Josias de Souza

Bastidores do poder

 

Entrevistas

Diretor demitido culpa Agaciel Maia por atos secretos

  Sérgio Lima/Folha
Afastado da direção-geral do Senado, Alexandre Gazineo diz que não sabia que atos administrativos assinados por ele se tornariam decisões secretas.

 

Rubricou os papéis quando era adjunto de Agaciel Maia. Atribui os malfeitos ao ex-chefe. “Jamais partiu de mim nenhum pedido para que não fosse publicado”.

 

Em entrevista ao blog, Gazineo disse que analisa a viabilizade de uma ação judicial por danos morais contra Agaciel. Vai abaixo a entrevista:

 

 

- Como se deu o afastamento?

Na última sexta-feira, conversei com o presidente [Sarney]. Disse a ele, o que é natural, que o cargo era dele, que a conveniência da mudança pertencia a ele.

- Pôs o cargo à disposição?

Sim.

- O que Sarney respondeu?

Do meu ponto de vista, a mensagem foi entregue na sexta. Nesta segunda, nós voltamos a conversar e foi uma coisa muito tranquila. A imagem do presidente Sarney junto a mim continua a mesma. Ele tem respeito pelo servidor. E eu fui brindado com respeito e consideração. Sigo a minha vida funcional com a cabeça erguida.. Sou servidor de carreira, fiz o primeiro concurso para advogados da Casa, em 1995.

- Que análise faz da crise?

Essa crise envolvendo o ex-diretor-geral Agaciel Maia começou no final de janeiro, início de fevereiro. No dia 3 de março, eu era diretor-geral-adjunto. Atuava mais na área técnica.

- Quais eram as suas atribuições como adjunto?

Era uma atuação basicamente técnica. Aplicava penalidades a empresas, orientava gestores de contratos. Servia como uma espécie de filtro, para que nem tudo precisasse chegar à diretoria-geral.Além disso, substituía o diretor-geral na ausência dele.

- Na análise dos contratos, não detectou irregularidade?

Eu não fazia a supervisão de contratos. Entrava nas questões quando os gestores desses contratos me traziam problemas e era preciso impor alguma sanção, aplicação de multas.
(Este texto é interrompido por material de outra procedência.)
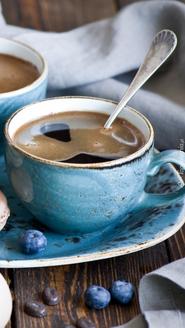Edytor tapety: Kawa w niebieskiej filiżance
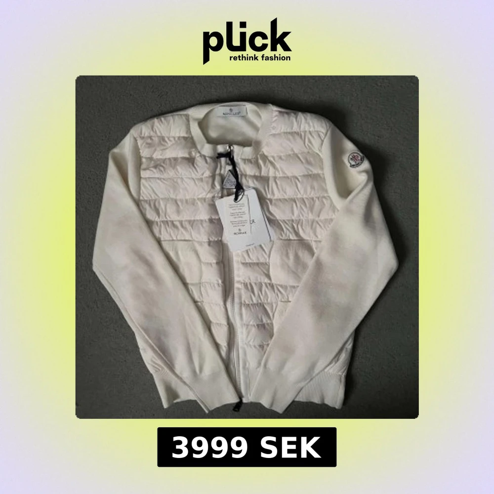 Exklusiv vit jacka från Moncler med quiltad front och ärmar i mjuk stickad kvalitet. Tröjan har dragkedja framtill, rund halsringning och Moncler-logga på ärmen. Kvitto och dustbag ingår.
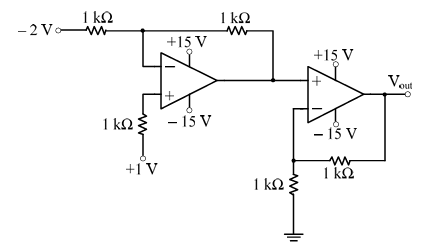 In the circuit shown below the op-amps are ideal. Then Vout in Volts is

O que detectei eram contratos que tinham crises, execução problemática, empresas [de mão-de-obra terceirizada] que às vezes não pagavam aos servidores. Mas eu não tinha como detectar irregularidades. Nunca participei da formação dos contratos, da celebração deles e das tratativas com as empresas.  

- Por que assinou atos secretos?

Esses atos eram mandados para mim porque a competência do diretor-geral-adjunto é a de substituir o diretor-geral. Isso ocorria mesmo em circusntâncias em que o Agaciel não estava de férias. Ou estava fora da Casa ou estava viajando.
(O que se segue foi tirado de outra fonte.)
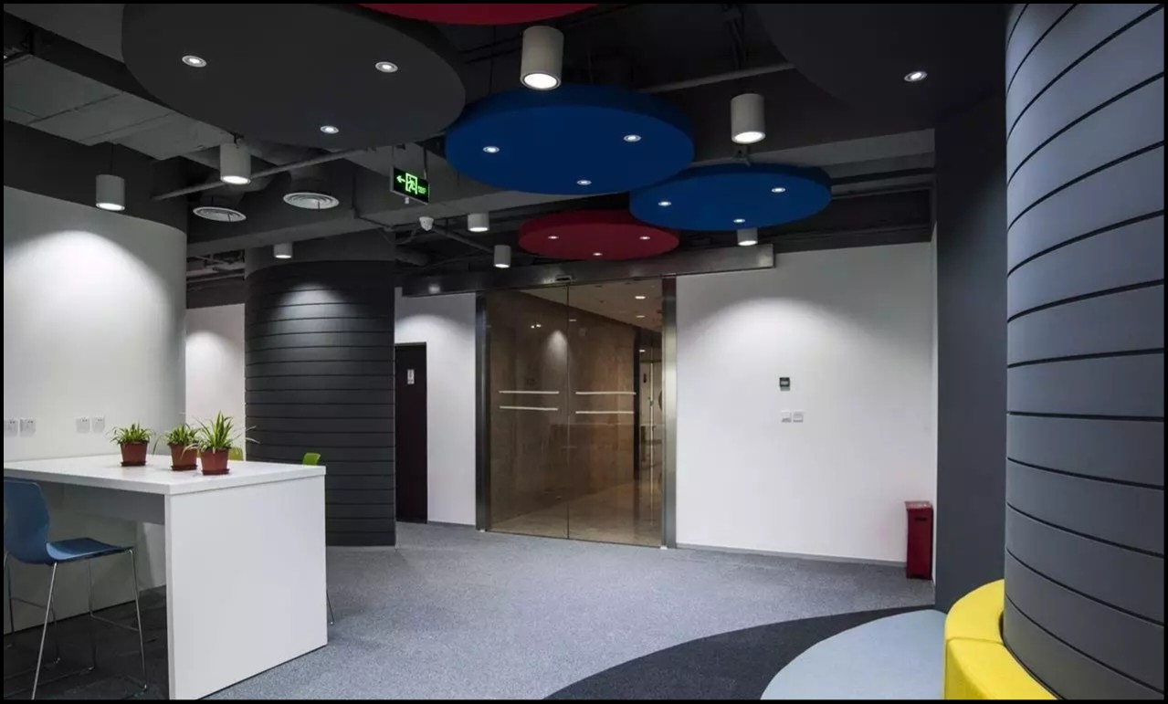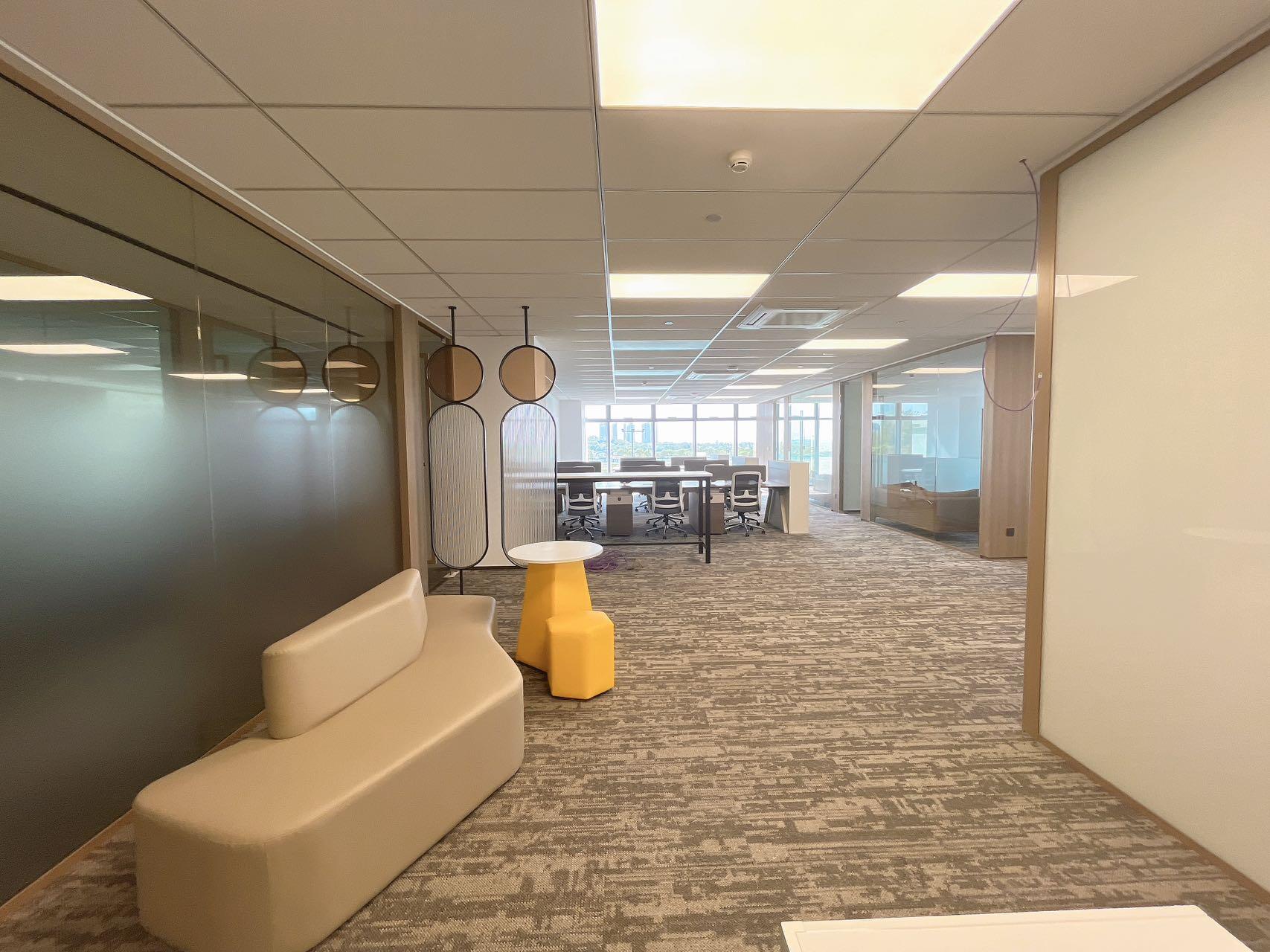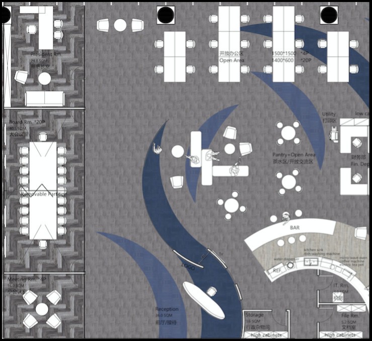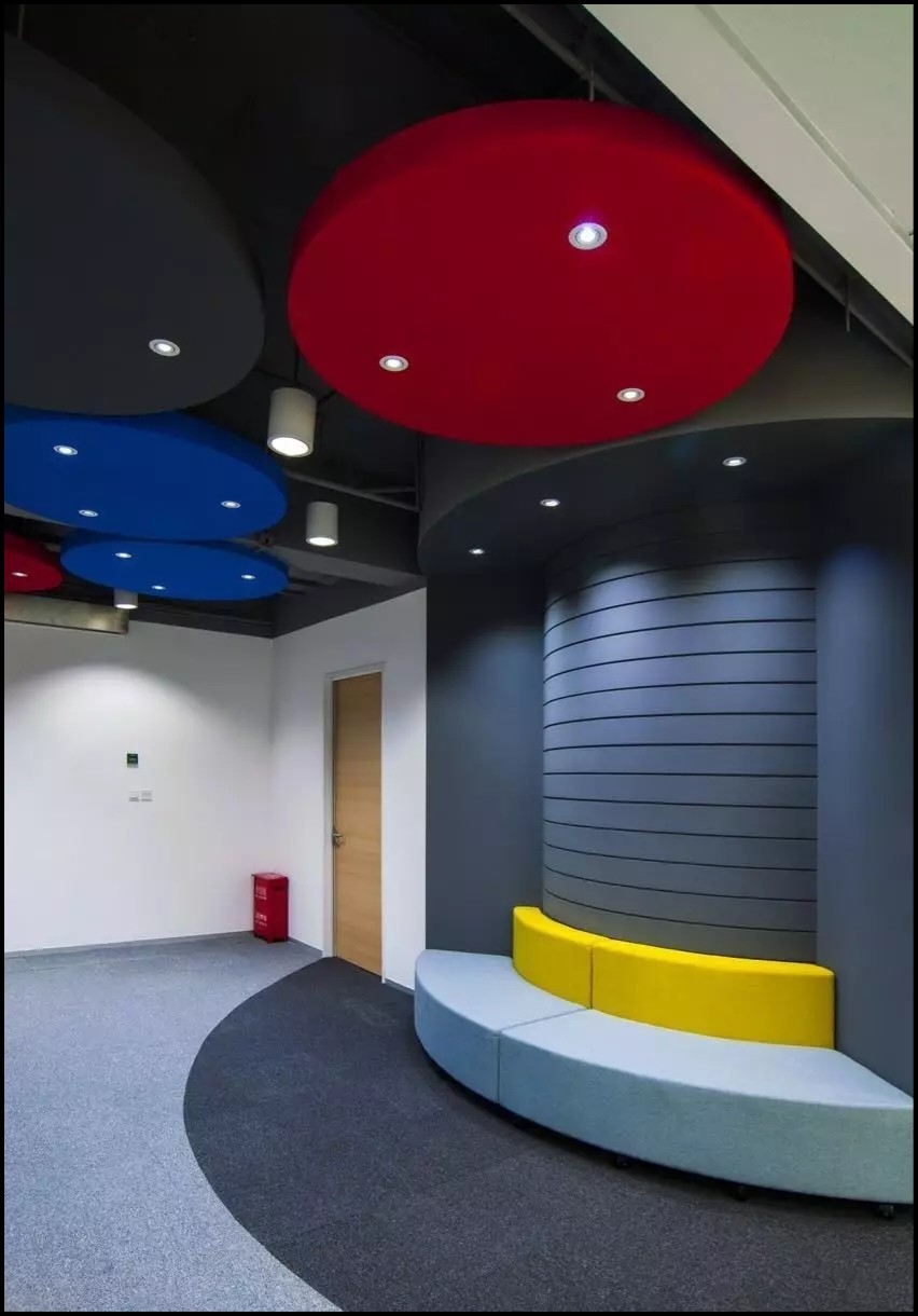 设计师在公共空间地面设计上运用了大面积的曲线造型,包括地毯和木纹LVT,除了起到分隔功能区的作用外,同时地毯造型和配色还是企业logo的变形延伸。企业的精髓融入进了整个空间。

- Como se dava a tramitação?

Esses atos tramitavam junto com os processos respectivos, com os pedidos dos gabinetes dos senadores ou das lideranças dos partidos. São basicamente nomeações de comissionados. Nunca nomeei servidor efetivo.

- Comissionados são os funcionários de confiança dos senadores?
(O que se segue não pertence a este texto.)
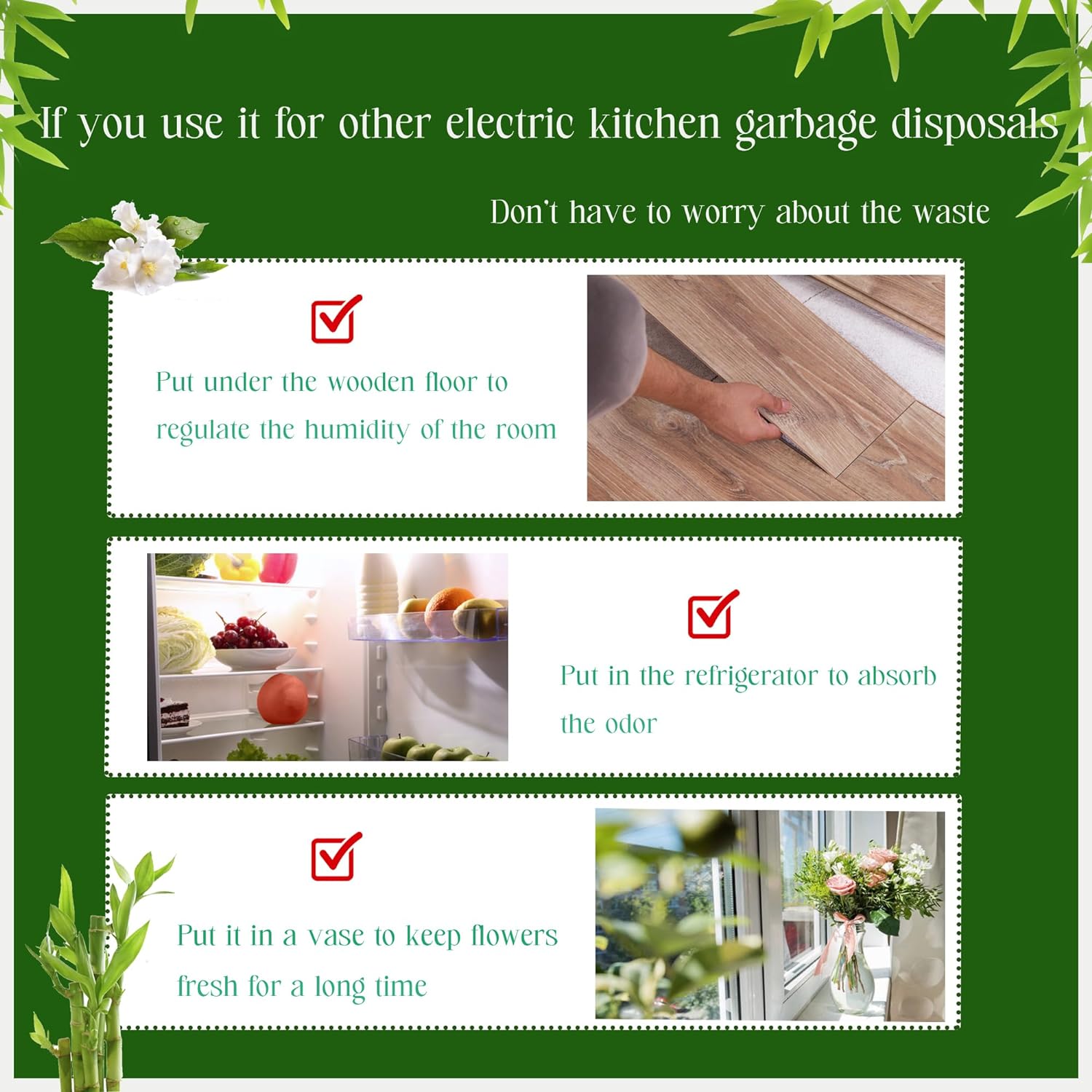 - MULTIPURPOSE: If you use it for other electric kitchen garbage disposals, don't have to worry about the waste due to the quantity, because our activated charcoal can also be put under the wooden floor to regulate the humidity of the room, and also put in the refrigerator to absorb the odor, or put it in a vase to keep flowers fresh for a long time. Used and discarded bamboo charcoal can be buried in the garden to change the quality of the soil.
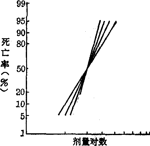 式中π1、π2、…、πn分别为混合毒物中n个单项毒物各占的比重,π1+π2+…+πn=1。LD50(1)、LD50(2)、…、LD50(n)分别为n个单项毒物的LD50。
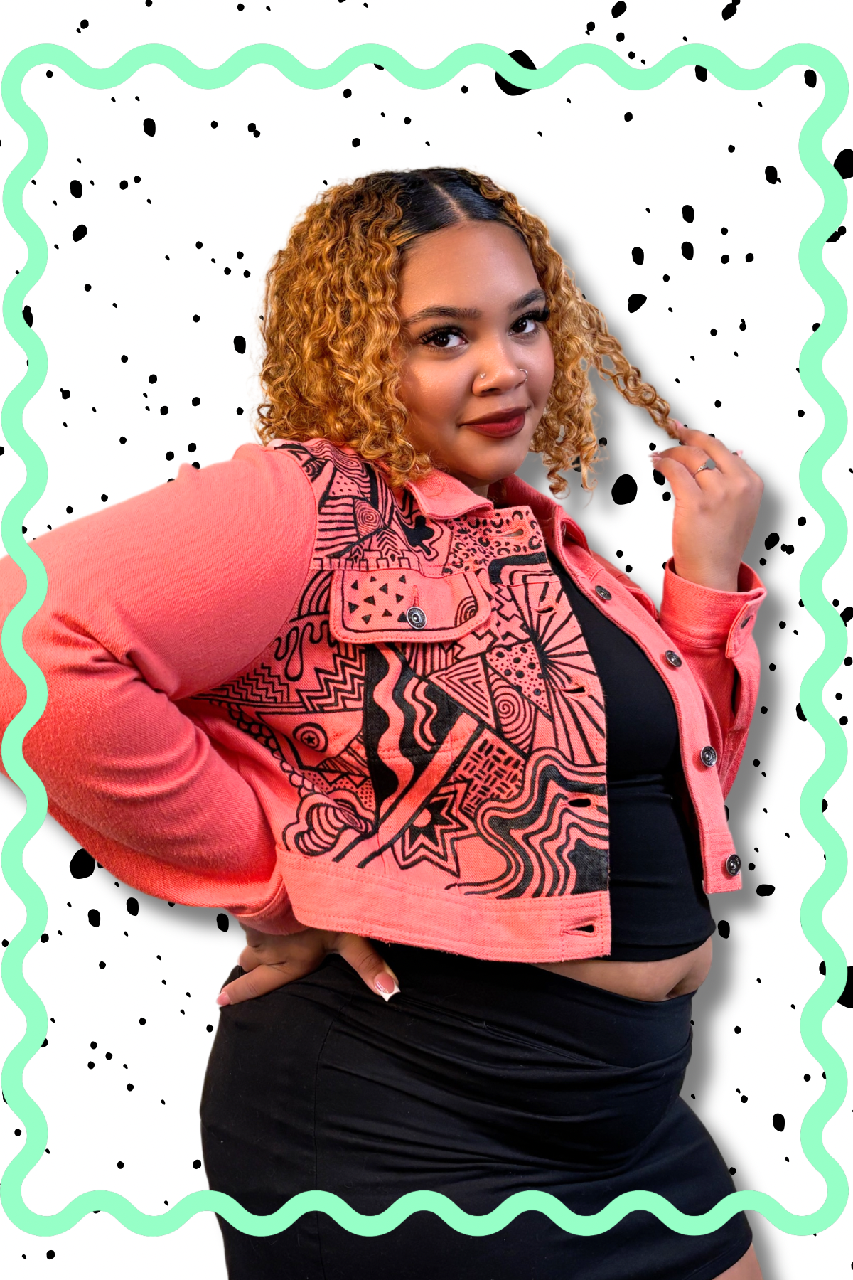 Doodle Daydream Hand Illustrated Crop Jacket - Size XL

Exatamente, da estrutura dos gabinetes. Vinham devidamente instruídos, com os pedidos dos senadores. Eu assinava. Muitas vezes até colocava a letra pê e uma barra sobre o nome [p/] do doutorAgaciel.

- O que queria dizer esse ‘p/’?

Muitas vezes era uma substituição tão transitória que eu nem sequer colocava o meu nome. Ia com o ‘p/’, que significa que estava assinando no lugar de Agaciel, como se fosse ele. É algo que se usa na administração.

- Depois de assinado, o que acontecia com o ato?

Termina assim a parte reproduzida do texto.